Forget Chatbots: Why Google DeepMind’s CEO Says AI’s Real Prize Is Curing Disease

Most of the AI hype is aimed at chatbots and content generators. Demis Hassabis thinks that misses the point. The Google DeepMind co-founder and Nobel laureate has been making one argument all year: the biggest impact of AI will not come from text generators. It will come from science, and specifically from curing disease.

Here is the core of his case:

  • Not chatbots. Hassabis says the most important use of AI is improving human health, not generating content.

  • AlphaFold is the proof. His protein-folding model already changed biology and now serves millions of researchers.

  • A decade-long bet. He believes AI could help treat or cure major diseases within the next ten years or so.

The breakthrough that started it

Forget Chatbots: Why Google DeepMind's CEO Says AI's Real Prize Is Curing Disease

The foundation of his argument is AlphaFold. Proteins do nearly every job in the body, and their shape decides what they can do. For 50 years, mapping those shapes was slow and brutally expensive. AlphaFold changed that almost overnight. By predicting the 3D structure of over 200 million proteins, the model built a road map of the human body now used by more than 3 million researchers. That work won Hassabis a share of the 2024 Nobel Prize in Chemistry. 

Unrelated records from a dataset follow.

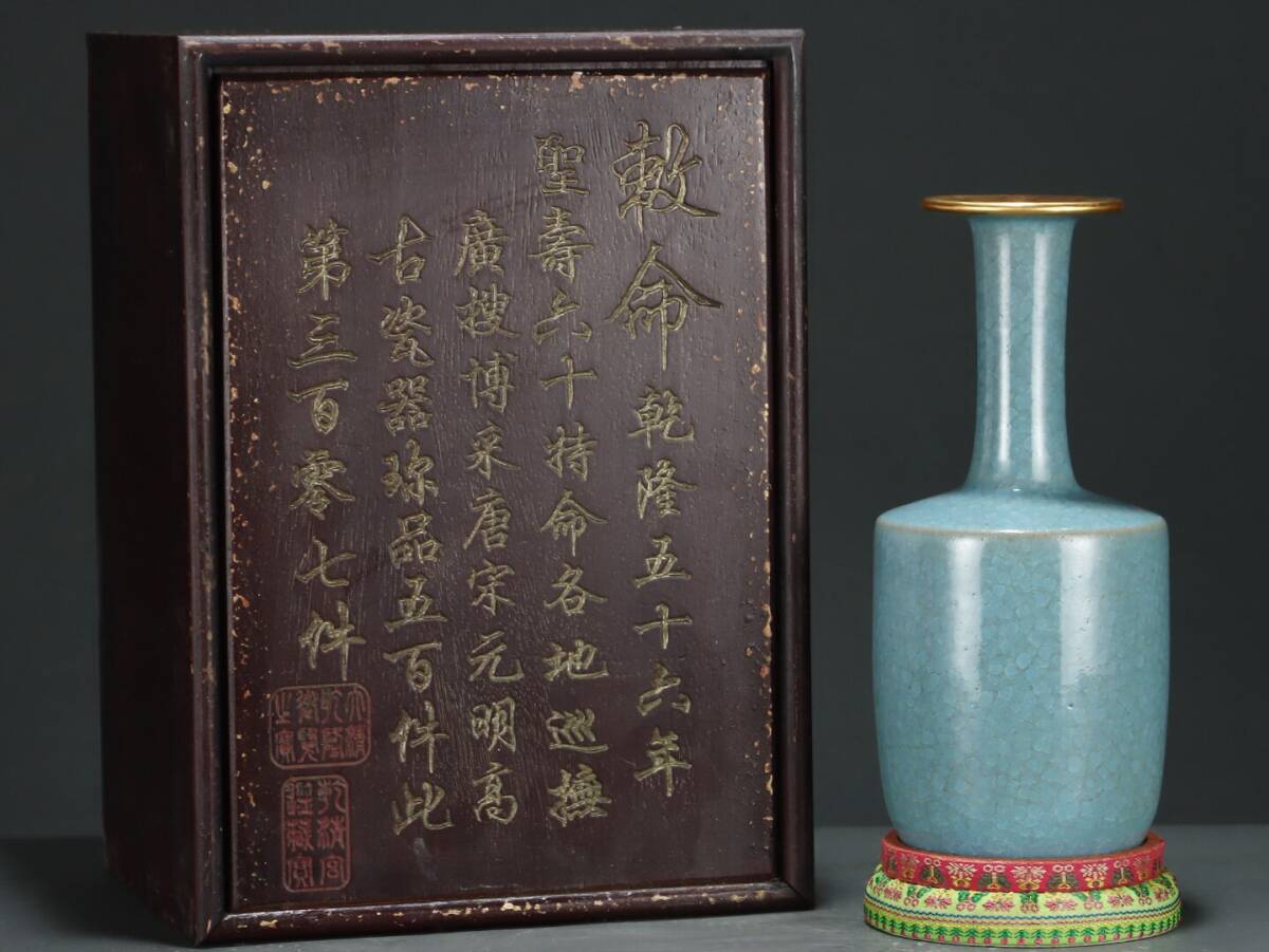 - ▽鴻▽宋朝時代 陶磁器 汝窯氷裂窯氷包金口紙槌瓶 時代木箱付き 染付 時代物 中国古美術 骨董品
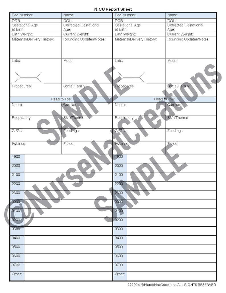 NICU Nurse Report Sheets Bundle NICU Nurse Report Templates NICU Nurse
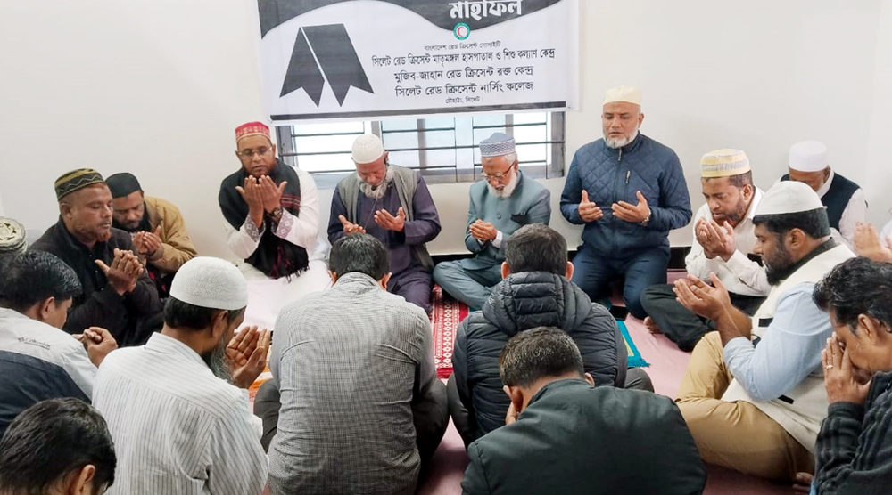 বৃহস্পতিবার সকালে বাংলাদেশ রেড ক্রিসেন্ট সোসাইটি সিলেট ইউনিটের অধিভুক্ত রেড ক্রিসেন্ট মাতৃমঙ্গল হাসপাতাল ও শিশু কল্যাণ কেন্দ্র, মুজিব জাহান রক্তকেন্দ্র এবং রেড ক্রিসেন্ট নার্সিং কলেজের উদ্যোগে এই দোয়া মাহফিল অনুষ্ঠিত হয়। দোয়া মাহফিলে প্রধান অতিথি হিসেবে উপস্থিত ছিলেন বাংলাদেশ রেড ক্রিসেন্ট সোসাইটি সিলেট ইউনিটের সেক্রেটারি মাহবুবুল হক চৌধুরী।
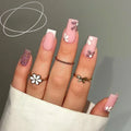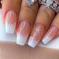 24Pcs Short Square Coffin False Nails Square Fake Nails with Glue French Glitter Wearable Acrylic Nails Set Press on Nail Tips
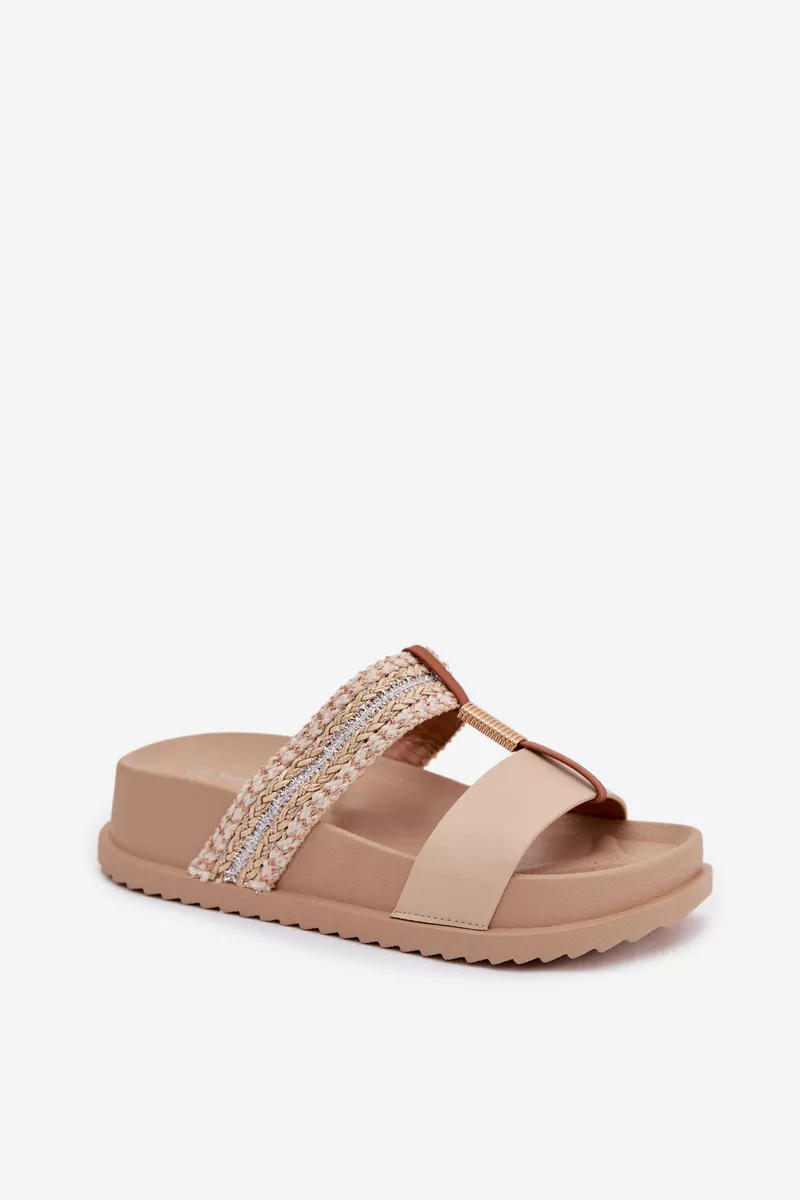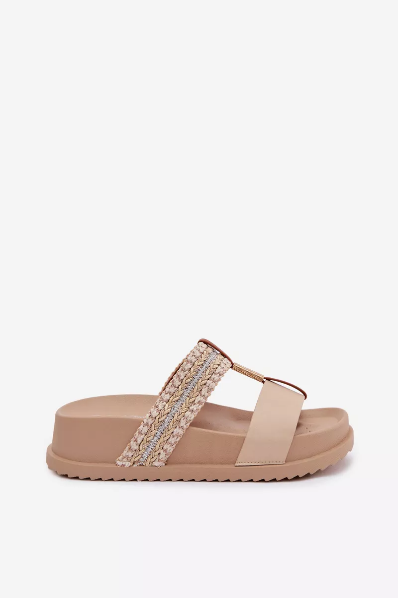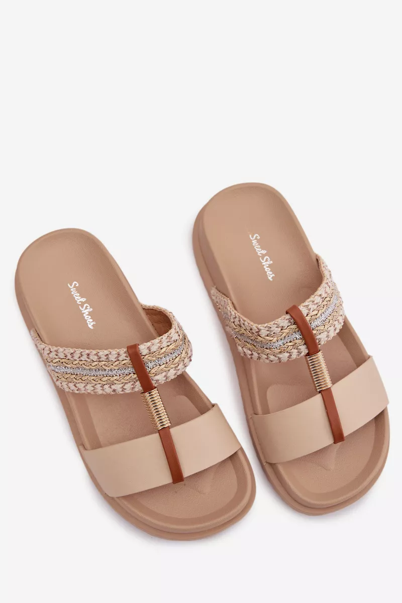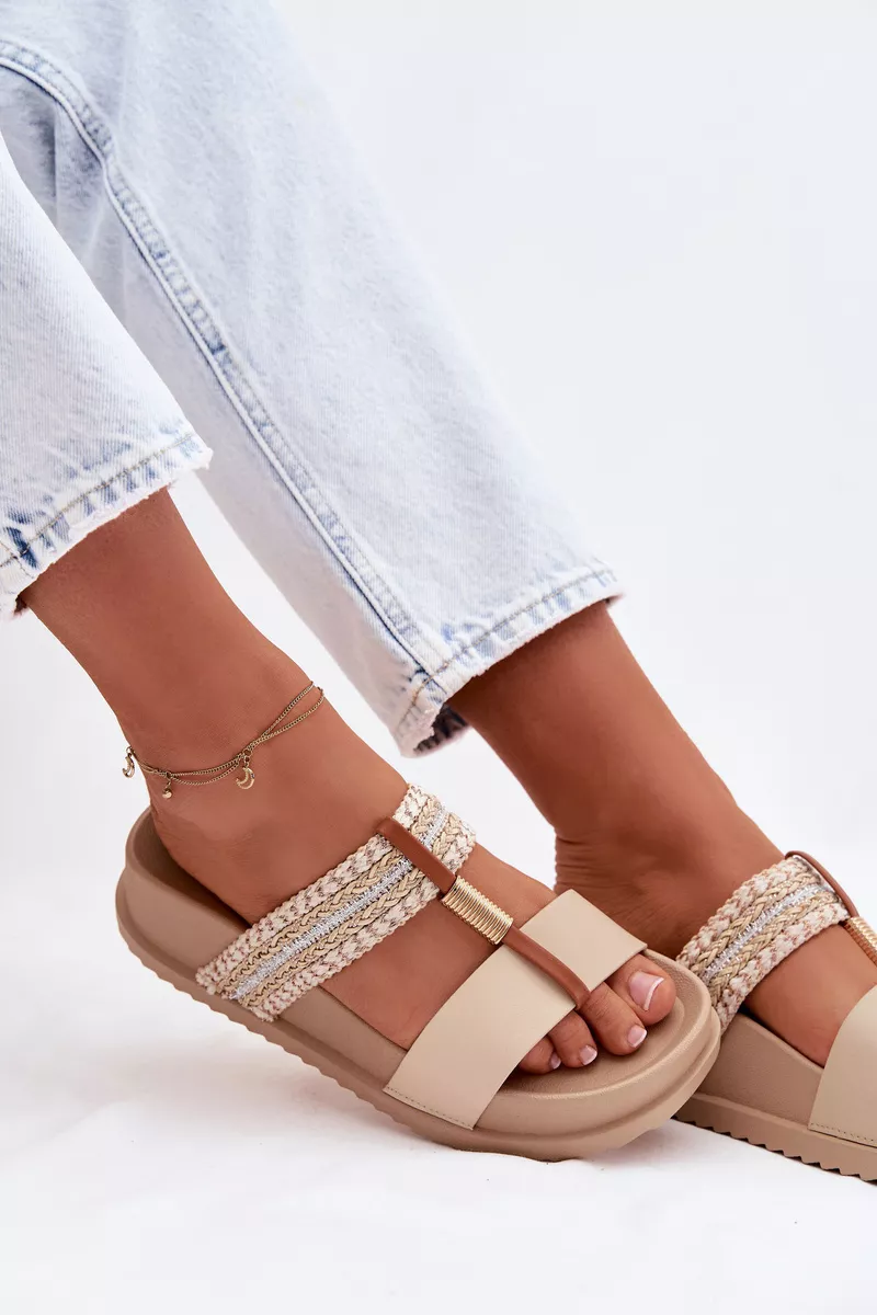 Sieviešu platforma čības ir stilīga izvēle siltajām dienām. Modelis izceļas ar spīdīgu pītu siksnu, kas piesaista uzmanību un piešķir tam modernu raksturu. Zelta detaļas, kas savieno abas siksnas, ir elegants akcents, kas uzsver apavu unikālo izskatu. Platforma nodrošina komfortu un stabilitāti, padarot šos čības ideālus vasaras stilam. Izvēloties izmēru, skatieties izmēru tabulu.
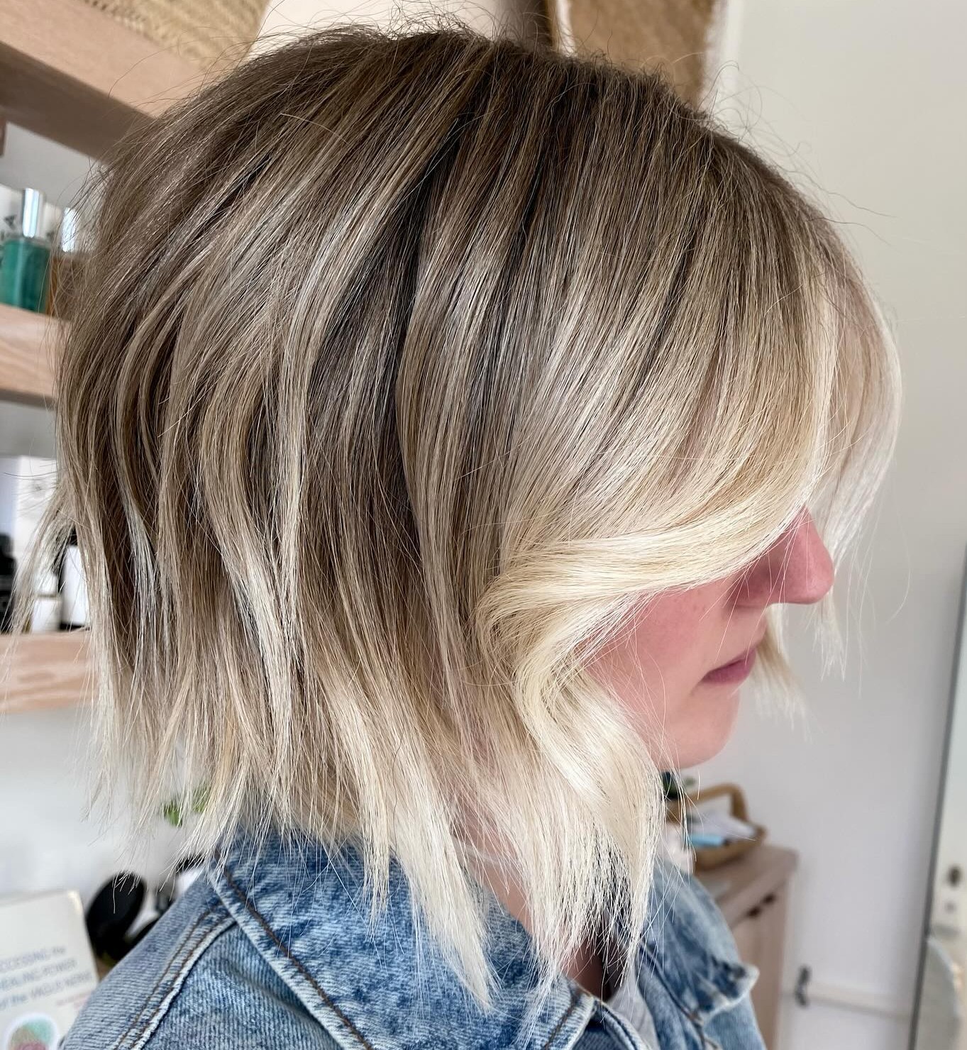 This color solution is a popular choice for women with dishwater blonde hair color. It gives just the right amount of brightness and refreshment for short hair with layers like in the hairstyle.
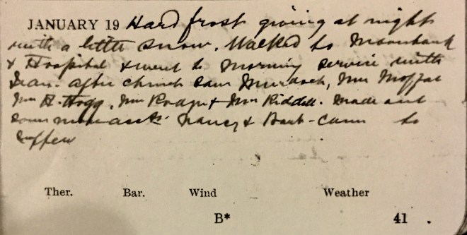 Same dull foggy weather but no actual rain. There apparently had been a sprinkling of snow in the early morning but there was nothing left at daylight but traces of slush on the pavements. I saw a town list of a doz. cases including the Hospital cycling + went on to Sunderland Hall + Ovenscloss returning by Sim & Co. + Kilncroft1. Put up some County accounts. Dav. [Dr David Graham] was at a Pension Board at Galashiels, Baptie driving him in the Swift as the Ford is still at Stow2.
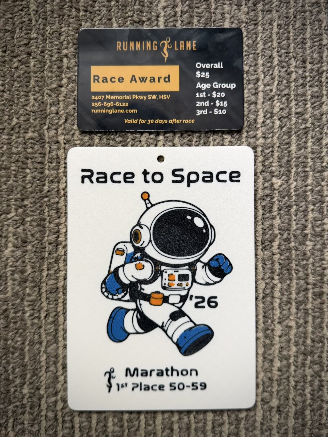 To settle that score and to check Alabama off my 50<4 list—running a marathon in all 50 states in less than four hours—I signed up for the Race to Space Marathon in Huntsville. Huntsville happens to be home to the U.S. Space & Rocket Center, and the race bib was good for a ten-dollar discount off the normal entry fee. I am unsure if the discount was strictly necessary to lure runners into the museum—I certainly would have gone there in any case—but it was a delightful perk.
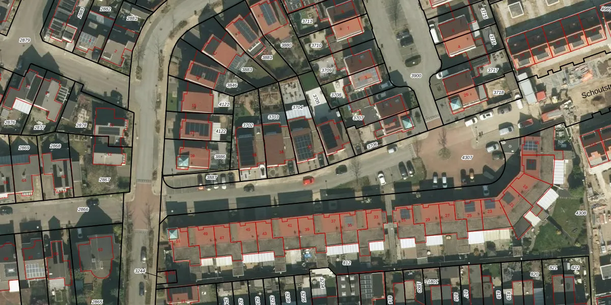 Schoutstraat 32 is gelegen op kadastraal perceel KRD00G3704. Deze kadastrale aanduiding is uniek en wordt gebruikt door het Kadaster om eigendomsrechten en andere zakelijke rechten vast te leggen. Het perceel maakt onderdeel uit van de kadastrale gemeente Kerkrade.
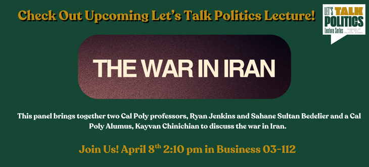 Check out our upcoming Let's Talk Politics Lecture on the war in Iran!
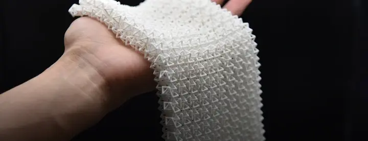 Легкая ткань напечатана на 3D-принтере из нейлоновых пластиковых полимеров. Она состоит из полых октаэдров (форма с восемью равными треугольными гранями), которые сцепляются друг с другом. В пластиковом конверте и в вакуумной упаковке ткань становится в 25 раз более жесткой и может выдерживать вес, превышающий вес в 50 раз больше своего.
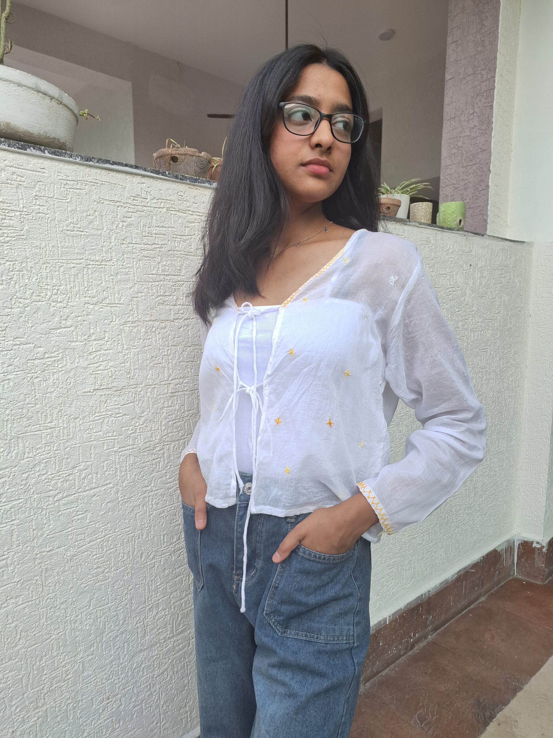 "The Lemon Thread Jacket is your breezy summer essential. Cut in soft white mulmul, it feels light as air and keeps you cool even on the hottest days. Playful lemon embroidery adds a fresh pop of colour, while the cropped silhouette brings in a hint of 90s vintage charm. Airy, breathable, and endlessly versatile — wear it over a dress, pair it with high-waisted jeans, or layer it with a matching crop top. A piece that’s as refreshing as a glass of nimbu pani. MADE BY PINKY"Additional information

The point he keeps stressing is that this is the first rung, not the last.

From proteins to drugs

The next step is drug discovery. Today it is painfully slow. Hassabis notes it takes on average about ten years and billions of dollars to design just one drug. He thinks AI can collapse that. He has said the timeline could shrink from years to months, or maybe even weeks. 

That is the mission of Isomorphic Labs, his DeepMind spinoff aimed at solving disease. By moving drug discovery from wet labs to computer simulation, Hassabis believes the process can become 1,000 times more efficient, and the company is already in preclinical trials for cancer drugs with hopes to reach clinical trials. 

The honest caveat

This is a vision, not a finished result. The big test is still ahead: whether Isomorphic's drugs actually clear human trials. Critics also point out that predicting a protein's shape is not the same as knowing which protein causes a disease or which makes a safe drug. Those harder questions remain unsolved.

Hassabis himself frames his own words carefully. In a 60 Minutes interview, he said he saw no reason why most diseases could not be cured within the next decade, and that it is within reach, not that it is guaranteed. 

The takeaway

The lesson for anyone watching AI is to look past the chat window. The flashy consumer tools get the attention, but the deeper shift is happening in scientific workflows that most people never see. If Hassabis is right, the most important AI of the next decade will not write your emails. It will help design your medicine.